New York Fries
- A New York Fries location at Lloydminster, Alberta
- Type: Subsidiary
- Industry: Quick-service restaurant
- Founded: August 16, 1984; 42 years ago
- Headquarters: Vaughan, Ontario, Canada
- Area served: Bahrain, Canada, China, Egypt, Macao, Oman, Panama, Qatar, Saudi Arabia, Turkey, United Arab Emirates
- Key people: Jay Gould Chris O'Leary
- Products: French fries, poutine, hot dogs
- Parent: Recipe Unlimited (2015–present)
- Website: www.newyorkfries.com

= New York Fries =

Canadian fast-food restaurant chain

New York Fries, shortened as NYF, is a Canadian fast food restaurant chain that mainly serves french fries, hot dogs and poutine.

There are 120 locations in Canada. There are also locations in China, Egypt, Macao, Oman, Panama, Qatar, Saudi Arabia, Turkey, the United Arab Emirates and the United States. It was also previously served in Bahrain.

==History==
In 1983, Jay Gould was informed by his brother Hal of a small French fry stand at South Street Seaport called "New York Fries." Impressed with the quality of the business and the product, Jay approached the owner and eventually bought the Canadian rights to the business and namesake.

The first Canadian location opened on August 16, 1984, at Scarborough Town Centre. It initially only sold fries and cola.

In 1987, with the original American company now out of business, Gould purchased the franchise outright, making New York Fries a Canadian brand.

The brand introduced poutine onto its menu in 1989.

Cara Operations (now known as Recipe Unlimited) bought New York Fries in September 2015.

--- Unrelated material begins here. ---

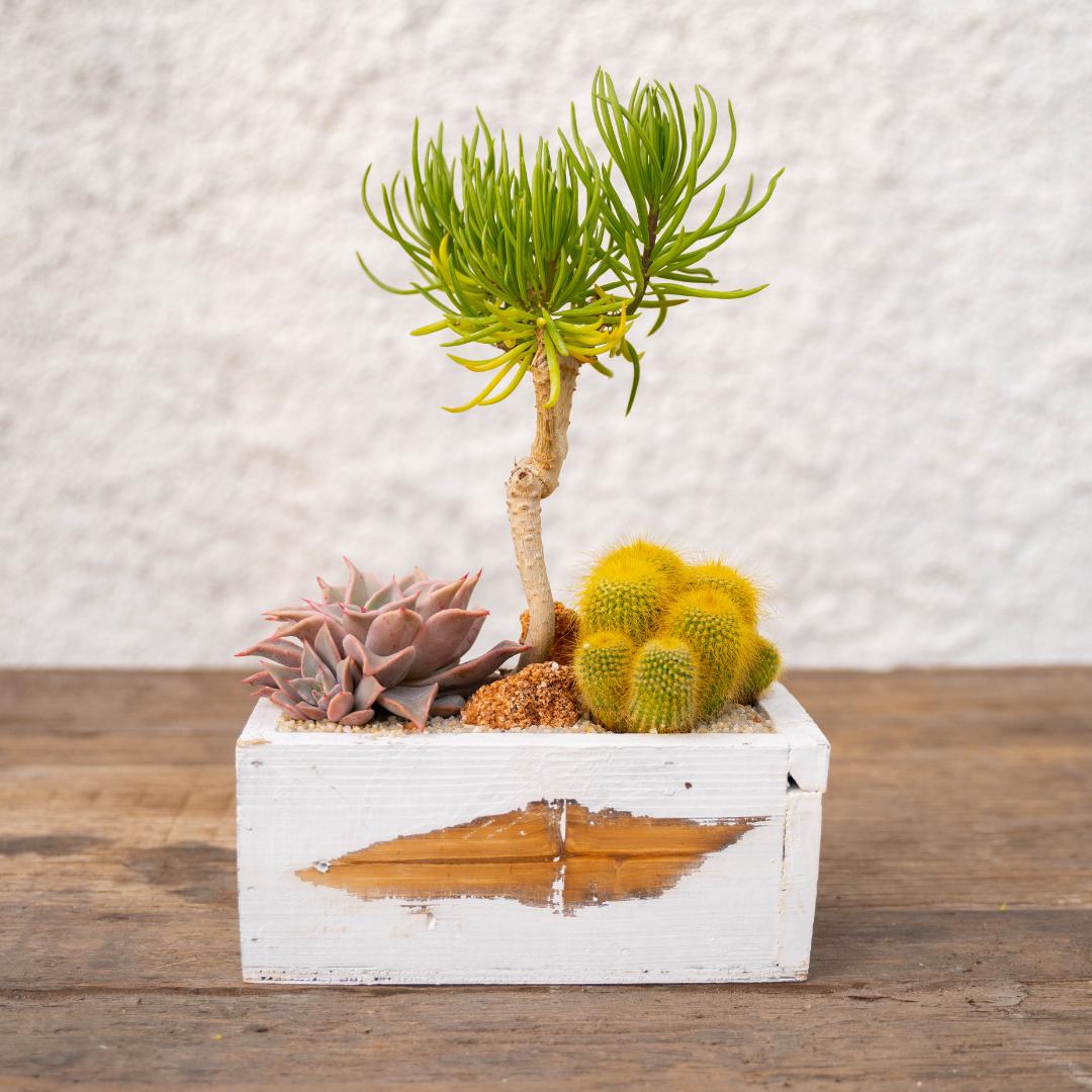 Vous recevrez également un vase en bois (hauteur 10 cm, largeur 12 cm, longueur 20 cm). Le vase n’est pas percé car il est conçu pour votre maison, vos meubles ne seront pas mouillés par cet arrangement. Arrosez vos plantes avec parcimonie et amour.
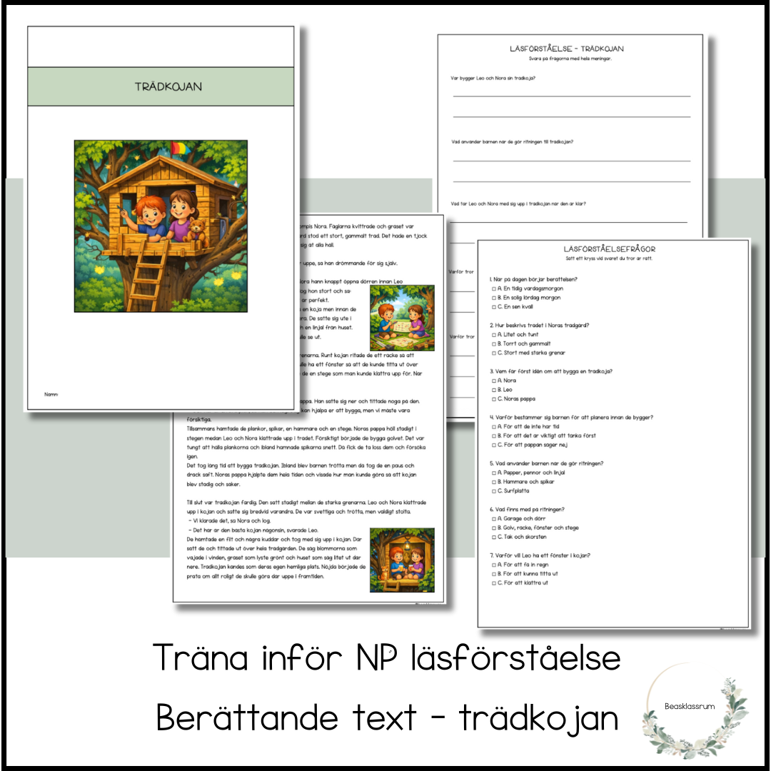 Material för att träna till NP Tema Trädkojan - läs berättande text och svara på läsförståelsefrågor 15 stycken kryssfrågor 5 stycken frågor där eleverna skriver egna svar

In 2024, decades after the American stand had closed, New York Fries opened its "first" US location in Uniondale, New York.

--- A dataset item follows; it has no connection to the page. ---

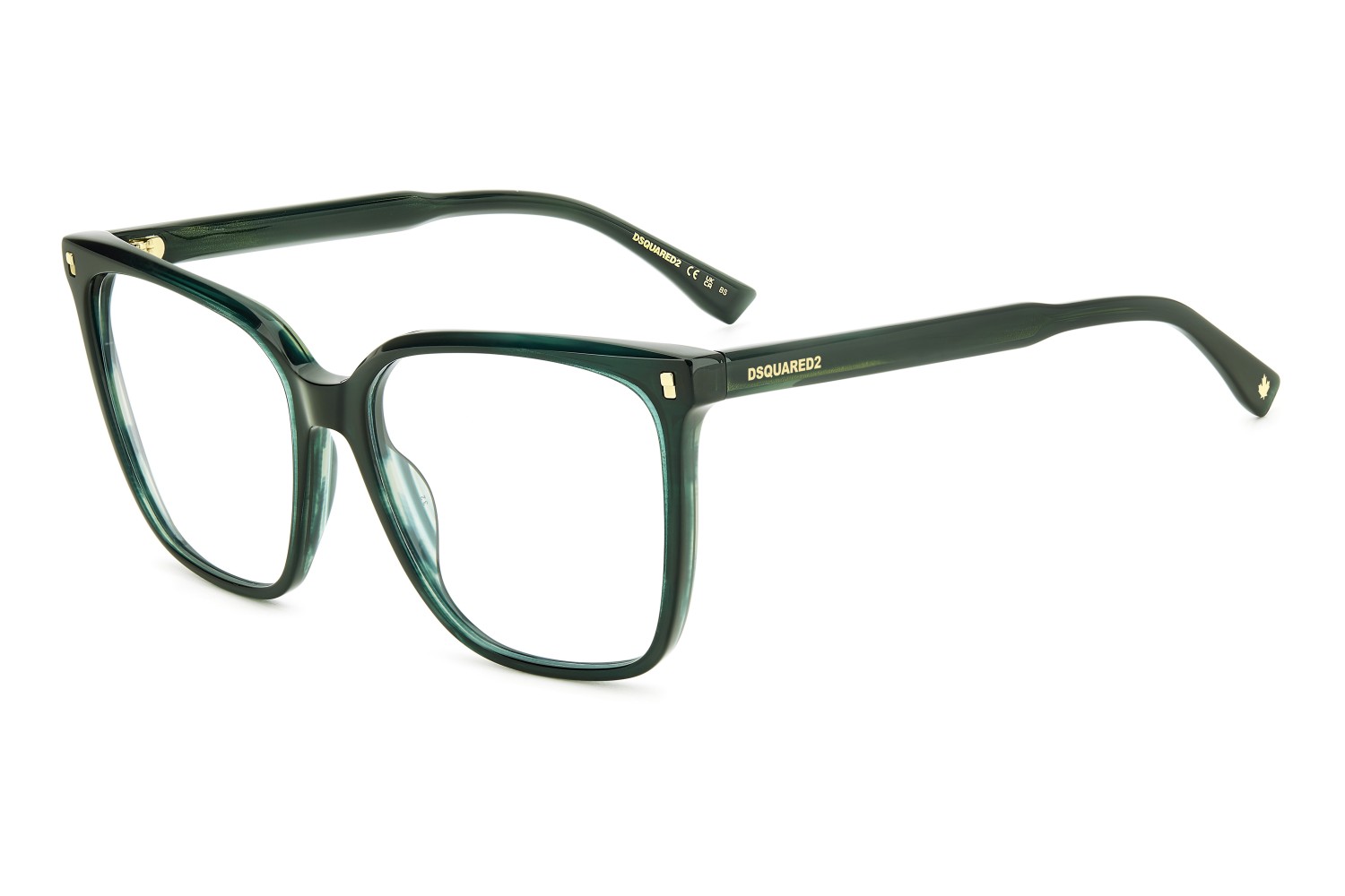 These eyeglasses for women by DSQUARED2 are a true gem to flaunt day after day. This light acetate frame has bevelled edges for a multifaceted look, offered in feminine shapes. Set against a classic colour palette, the brand's inserts stand out: rivets on the front, a DSQUARED2 logo, the CERESIO 9, MILANO inscription on the inside of the right temple, and the maple leaf on the end tips.

=== South St. Burger Co. ===
Since the sale of New York Fries, South St. Burger Company is no longer run by New York Fries. South St Burger Co. has 30 locations across Canada and two in Dubai. South St. Burger Co. sells hamburgers, fries and poutine.

== Locations ==
New York Fries has 156 locations, including 120 in Canada, 3 in the United States, and 36 outside of North America, mostly in the Middle East and China.